# Общий раздел > Чувства > Секс и страсть >  Секс на первом свидании

## Asteriks

*Мир меняется. То, что касалось недопустимым лет 15-20 назад, сейчас в порядке вещей. Причём, домогаются секса не только парни, но и девушки. Если можно считать девушкой подростка в 13-14 лет.
Вы готовы к сексу на первом свидании?*

----------


## Serj_2k

гг, 13 просмотров темы  и тишина ....

Asteriks, свидания бывают разные и у всех у них могут быть разные цели, в том числе и секс

----------


## Asteriks

Обычное свидание. Познакомились, понравились друг другу, парень пригласил девушку на свидание. Какие ещё свидания ты имеешь в виду?

----------


## Serj_2k

я обобщил, если што ...

аааа,  если обычное нормальное свидание, то по обстоятельствам. хотя, я бы к "этому" отношения сразу не подводил, если девушка для меня имела бы бОльший интерес, чем просто ... люблю, знаете ли, поговорить ....

----------


## Asteriks

Ну, вот знакомый мой один влюбился в девушку. По уши. И первое свидание. Как он его ждал! Но решил, что не стоит про секс, потому что это первое свидание... Получается, раз хочешь более-менее серьёзных отношений, то лучше про секс на время забыть, так что ли?

----------


## Serj_2k

так будет правильнее ... или мудрее, даж не знаю.

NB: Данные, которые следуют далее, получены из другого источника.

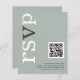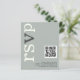 Une alternative de BUDGET rapport qualité-prix sur un format plus petit 4,5 x 5,6” semi-brillant 110lbs, qui est d'une épaisseur similaire à une carte postale (mais ne convient pas pour une utilisation en tant que carte postale). VEUILLEZ NOTER qu'il y en a UN par feuille. Code QR Sage Ivory Mariage Réponse en ligne. Ajoutez votre code QR à votre site web de mariage pour que vos invités puissent répondre en ligne. Un design typographique moderne avec RSVP en grandes lettres en ivoire avec le "v" en gris, pivoté et sur le côté gauche sur un fond de vert sauge clair. Les couleurs du fond et du texte peuvent être modifiées si vous le souhaitez via Personnaliser davantage.
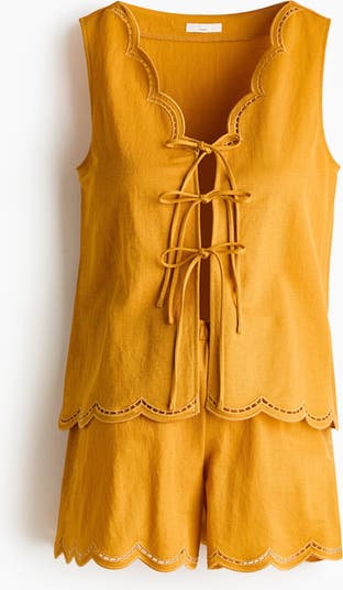 Set with a top and pair of shorts in woven fabric featuring scalloped trims with broderie anglaise. Sleeveless top with a deep V-neckline, an open front with three sets of narrow ties and darts at the back. Shorts with covered elastication and a small frill trim at the waist.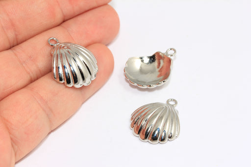 17x21mm Rhodium Plated Sea Shell Charm, Seashell Beads, Seashell Pendant, BRT413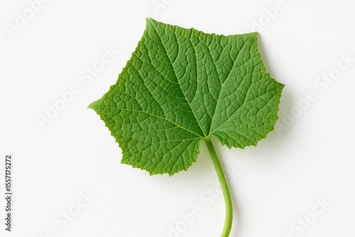 Detailed shot of a single green cucumber leaf on its stem against a white backdrop

да и при чём секс на первом, когда впереди столько времени, которое можно провести вместе!?

----------


## StrekoZZa

Если отвечать на вопрос, готова или нет к сексу на первом свидании, - нет, не готова. 
Сейчас сложно говорить о каких-то моральных устоях..Возможно, их уже просто нет. Тебя просто не будут слушать.. ведь у каждого свои принципы и мнения в голове.  Но мне совсем не хочется сейчас говорить об этом))
В жизни ситуации бывают разные.. Некоторые говорят, что лучше сделать и жалеть об этом, чем не сделать и вспоминать об этом всю жизнь. НО ведь некоторые могут это воспринять буквально. 
Каждый руководствуется в каждой конкретной ситуации своим мозгом, рассудком.. какими-то обстоятельствами. Некоторые конечно же думают , ой-ой-ой, а что же дальше.. а кто-то руководствуется положением - сегодня одно, завтра второе.
Это очень щекотливая тема. Все , читая ее, будут как-то мылится, типа.. нет-нет, мы же не такие. 
Но ведь у каждого в голове промелькнет возможно уже никогда не повторимая ситуация, когда каждому хотелось просто занырнуть..  
Короче говоря, каждый получает именно то, что он хочет ))) А это уже совсем другая история..
Как-то так..

----------


## fIzdrin

обычно после этого,секса в смысле,становиться не интересно.

_fIzdrin добавил 27.07.2009 в 23:51_
красивый закат,красивый рассвет,
цветов полевых красивый букет,
на травку ложится девичий стан,
раздвинуты ноги-окончен роман.

----------


## Stych

Секс на первом свидании)) А чего ты хочешь от человека с которым первый раз встречаешься? И как ты представляешь это первое свидание?) Ты с цветами у подъезда?)или обычная пьянка на хате?) Секса ты будешь хотеть только от определенного человека и в определенной ситуации. А не просто на первом свидании)) 
И вообще а что вложено в смысл слова "свидание". Для меня например это какая-то встреча двух людей (на улице, кино, театр и т.д.) с целью узнать друг друга поближе. И с алкоголем эта встреча навряд ли будет связана)) А если кто-то хочет переспать, ну-ну) удачи, какой нормальный человек в здравом уме и светлой памяти т.е. трезвый, в первый раз ляжет в койку с каким-то общим другом или малознакомым товарищем?) Я думаю, нормальный, никакой.)
И еще) скажите парни и девушки, положа руку на сердце, ВЫ, переспав, будете дальше встречаться с этим человеком? Если да то, Вы, будете рассматривать его (ее) кандидатуру в качестве возможного постоянного спутника жизни? Подумайте.)
Вот и все.

----------


## Serj_2k

моё последнее свидание с девушкой носило чисто познавательный характер - т.е. увидицца в реале и побеседовать без компа. естественно, тема секса обсуждалась. как чисто какие-то моменты своего отношения к чему либо, так и конкретно между нами, а именно, штоп ни-ни! хотя до этого, совращала меня как могла ... правда объяснялось это темой шутки либо проверки меня. перед встречей клятвенно обещал ей не трогать и пальцем ))))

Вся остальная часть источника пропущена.